Bet On It: An Age Gap Billionaire Office Romance(35)



My cheeks warmed, and I couldn't stop the smile on my face. "I will work harder at not tempting you."

"That is an impossibility. I'm tempted just by looking at you. But if we maintain our distance, I will do my best to resist."

"I will too." It seemed like an easy thing to agree to, but since we'd agreed to it before and failed miserably, I questioned my ability to hold fast to the vow this time.



Reed was nice enough to lend me a pair of sweatpants and a sweatshirt to return home in. "They're going to be too big for you, but they’re warmer than what you arrived in. I'm sorry I don't have any shoes that will fit you, so you're stuck with your slippers."

His clothes were large on me, at least in the length. I was sure I still looked like I was taking the walk of shame, but at least my legs were covered.

When I arrived home, the condo was quiet. I went to my room, took a quick shower, and changed into jeans, but I put on Reed’s sweatshirt again. It was silly, but I liked having his scent on me.

I spent the rest of the morning cleaning up my bedroom and sorting my laundry, but I didn't start a load because the in-unit washer was a little bit loud and I didn't want to wake Betts. I prayed that Paul wasn't in her room with her. The last thing I needed was for him to get up first and corner me again. I didn't want to have to deal with him again. It was bad enough that I needed to tell Betts what he had done the night before.

It was just after noon when Betts made her appearance. I was in the kitchen making lunch when she staggered in. Her hair was a mess, and she was bleary-eyed, likely from a hangover, but she still had a smile on her face. To be smiling during a hangover could mean only one thing—she was happy about her engagement. And I had to be the one to burst her bubble.

"Hey, thanks for taking off last night and leaving me and Paul here to celebrate our engagement. I won't go into details about how we did that, or where we did that." She glanced at the dining table, and I reconsidered eating my lunch there. Funny how I hadn’t considered that after having breakfast this morning on the table on which Reed had taken me to Pleasureville.

"Sure," I said, scanning my brain to figure out how I could tell her what Paul had done.

She made her way to the coffee machine, putting in a pod, and after filling a cup with water and pouring it into the coffee maker, she pressed the brew button. She leaned forward, resting her forearms on the counter, her head down.

"Are you sure you're okay?" Maybe I should wait until she felt better to tell her about Paul.

"Oh, yeah. It's just being upright is hard at the moment. It'll be fine."

I found a glass and filled it with water and then got her two pain relievers. "Maybe you should have this before you have your coffee."

She popped the pills in her mouth and washed them down with the water. "It's so great having you here, Analyn. That's the only bummer thing about getting married. We won't be able to be roommates anymore." Her face then morphed into concern. "But I'll help you find a new roommate or a new place or whatever. I’m the worst, asking you to move in and then leaving you like this."

"Don't worry about me. I'll be fine. Besides, unless you're leaving Las Vegas, we’ll still be able to see each other, right?" I should be telling her not to marry Paul, but the words weren't coming.

"Right. We’re going to stay in town. We’re actually talking about buying a house."

Marriage and a house were huge commitments. I couldn't let my best friend get trapped by them with a man who was willing to cheat on her with her best friend. What were the odds he'd already cheated on her with somebody else?

I tried to act nonchalant as I poured myself a glass of seltzer water to have with my sandwich. "I know you and Paul are in a good place now, but you've had some rough spots in the past. You’re sure about getting married, right?"

"Of course. I wouldn’t have said yes otherwise."

Inwardly, I kicked myself because I knew that was true. It wasn't like she was going to tell me she had concerns but said yes anyway. Maybe I needed to treat this situation like a Band-Aid and just blurt out what happened.
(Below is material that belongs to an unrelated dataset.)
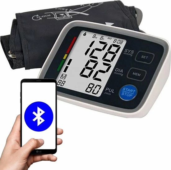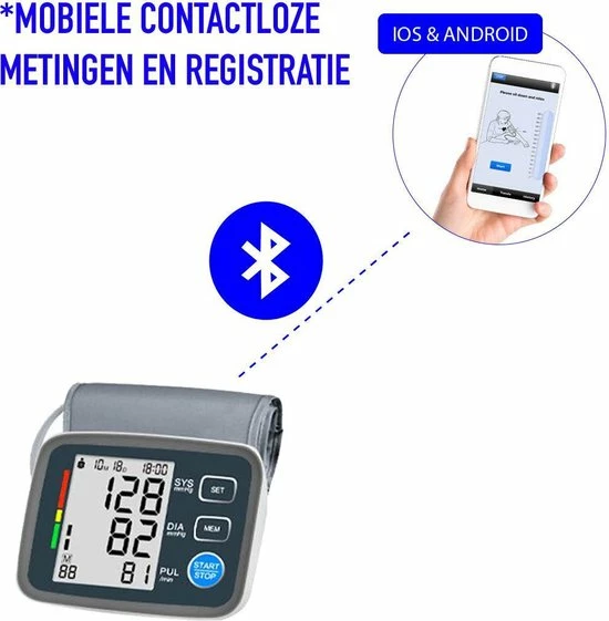 Wilt u nooit meer helemaal naar de huisarts voor all??n een bloeddrukmeting? Waarom zou dat makkelijker moeten? Omdat het belangrijk is dat u gemakkelijk en veilig uw bloeddruk kunt meten. Om al die vervelende ziektes buiten de deur te houden. En ook omdat u nu gemakkelijk met ??n druk op de knop uw hypertensie kan meten. Draadloos via Bluetooth met uw smartphone. De gemeten waarden in de applicatie kunt opslaan en meteen kunt mailen naar de arts! Het is zo makkelijk, dat iedereen u er nu mee kan helpen. Deze hoogwaardige en kwalitatief sterke bloeddrukmeter maakt het namelijk voor iedereen een makkie om zijn of haar bloeddruk te meten. Verzeker uzelf van een gezonde bloeddruk met simpele metingen thuis. Bestel n? snel risicoloos en geniet n? van de gratis verzending!

"Listen, Betts, when you were gone last night—"

"I appreciate your concern,” Betts spoke over me. "But Paul and I are in a really good place. Both of us have grown, and we know better who we are and what we want."

Crap, she was making this hard.

I opened my mouth to try again to tell her what he'd done, but she turned to get her coffee and began prattling on and on and on about Paul and how he proposed, and how romantic it was, and all the promises he made to her. I swore I could see joy and happiness emanating like an aura around her. I knew I had to tell her the truth, but my courage and strength to do so in this moment failed me.

I gave her a hug but didn't tell her I was happy for her. She’d assume that was what the hug meant. In my mind, the hug was an apology that I was going to have to ruin her happiness. Not right now, but later today.

We spent our day doing our own things. I finally got my laundry done and bills paid. I started to look for a new place to live but then remembered that I wouldn’t need to once Betts learned about Paul.

As dinner time approached, I knew I couldn't put off the truth any longer. I went to Betts’s room expecting to find her resting, recovering from her hangover. But after I knocked and she told me to come in, I opened the door to find her preening in a full-length mirror.